After this, the entire tumor was surveyed by color Doppler imaging. The ultrasound equipment was initially set at maximum sensitivity to detect blood flow. By gradually increasing the pulse repetition frequency, low-velocity signals were filtered out. A pulsed Doppler gate was placed over the areas within the tumor with the highest blood velocity. Adjustments were made to the angle of the probe until the audible signal gave the highest pitch. Flow velocity waveforms were obtained and the peak systolic velocity, time-averaged maximum velocity, pulsatility index (PI), and resistance index (RI) were calculated electronically. In women with bilateral tumors, the side with the highest blood flow was included for analysis.

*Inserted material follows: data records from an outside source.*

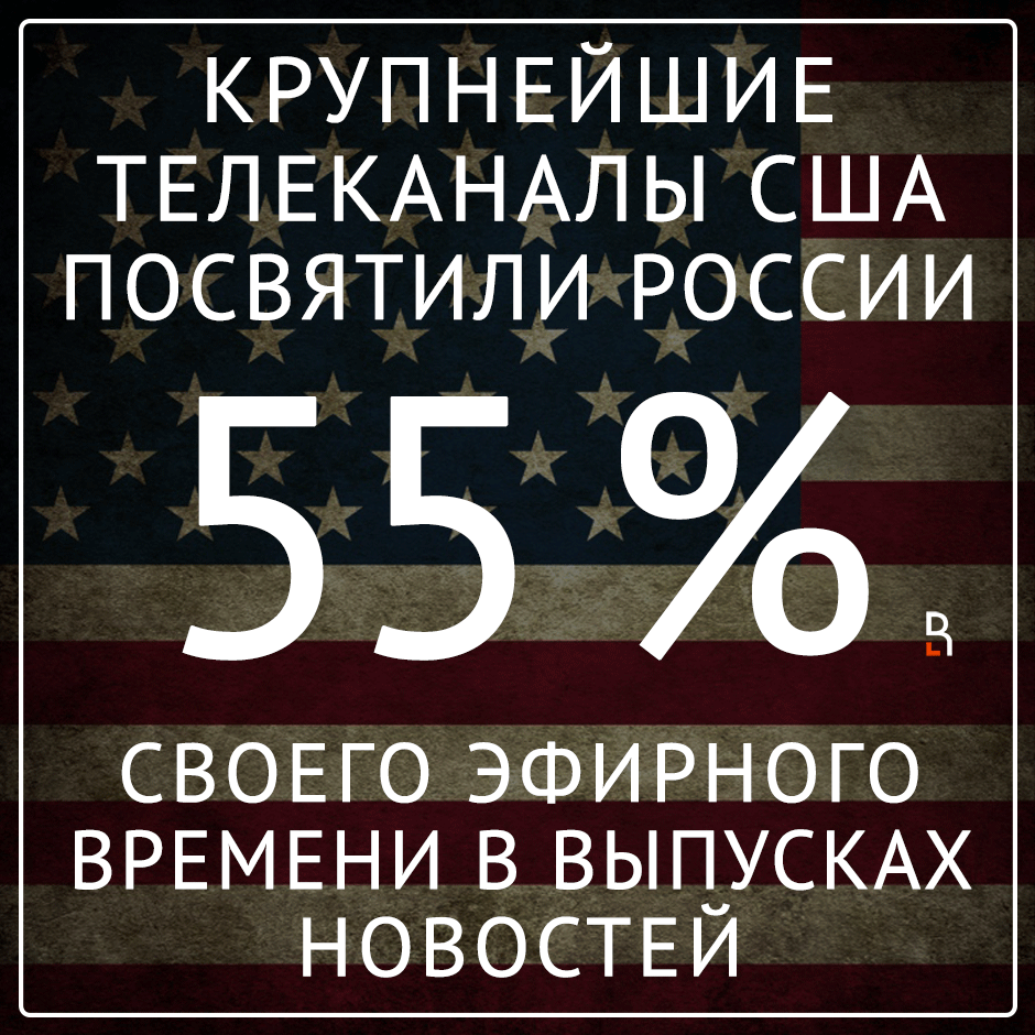 Крупнейшие телеканалы США посвятили России 55% времени в новостных выпусках. Источник: LIFE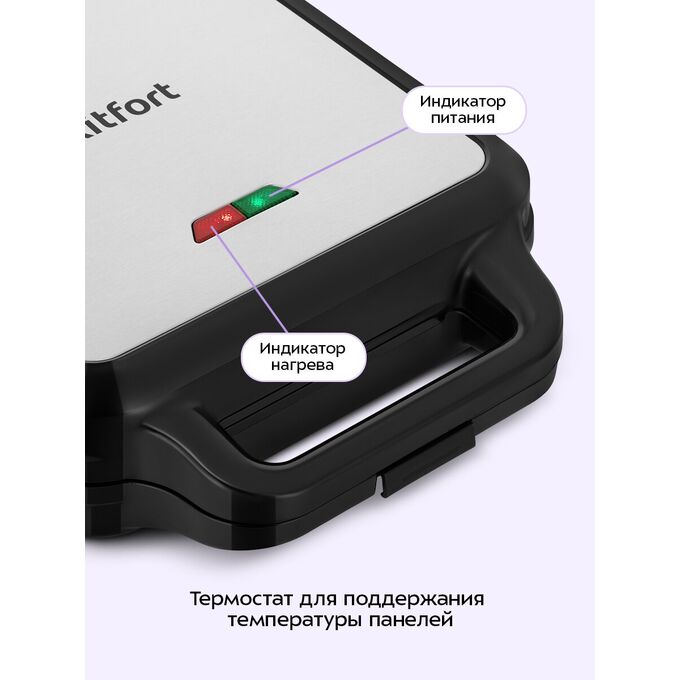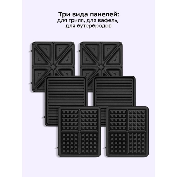В набор входят три съёмные пары панелей: панели для приготовления вафель, панели для приготовления бутербродов и ребристые панели для гриля. Высокая температура нагрева панелей способствует быстрому приготовлению продуктов.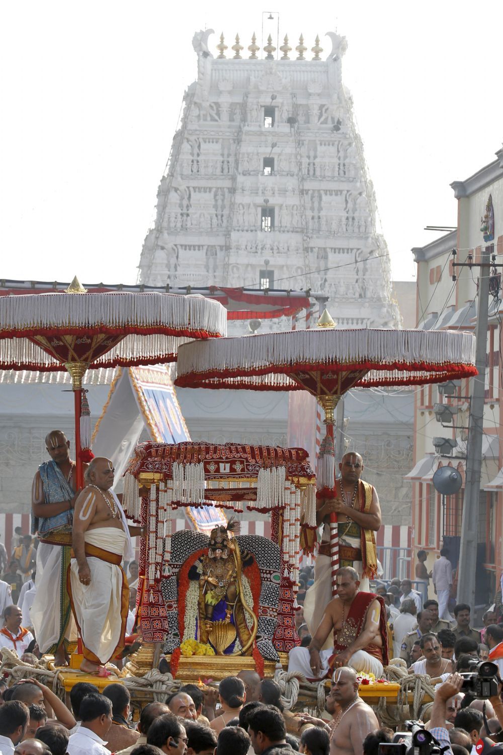 On the third day of the annual Karthika Brahmotsavams, the processional deity of goddess Padmavathi Devi, in the guise of “Kaliya Mardhani” was taken around the four-mada streets of Tiruchanur temple. On the first day the goddess has taken a celestial ride on Chinna Sesha Vahanam and on the second day goddess blessed the devotees on Pedda Sesha Vahanam.

A blood sample was then taken for the measurement of CA 125 levels (Immuno-1 analyzer; Bayer, Tarrytown, NY).

All tumor specimens were examined histologically and classified according to the World Health Organization classification.¹⁰ Tumors were staged surgically at the time of the operation by the attending gynecologic surgeon according to the International Federation of Gynecology and Obstetrics (FIGO) staging system.¹¹

The probability of malignancy in adnexal masses was estimated using three previously described logistic regression models. The first model was reported by Tailor et al in 1997 (LR1) and was based on a combination of demographic and ultrasound variables to diagnose ovarian malignancy.⁶ The LR1 model calculates the probability of malignancy of an adnexal mass using the formula: P = 1/(1 + e^-z), where e is the base value for natural logarithms and z = (0.1273 • age) + (0.2794) • time-averaged maximum velocity [TAMXV]) + (4.4136 • papillary projection score) - 14.2046. The papillary projection score is given values of 1 or 0 depending on the presence or absence of papillae.⁶ A probability of greater than 50% was taken to be diagnostic of malignancy.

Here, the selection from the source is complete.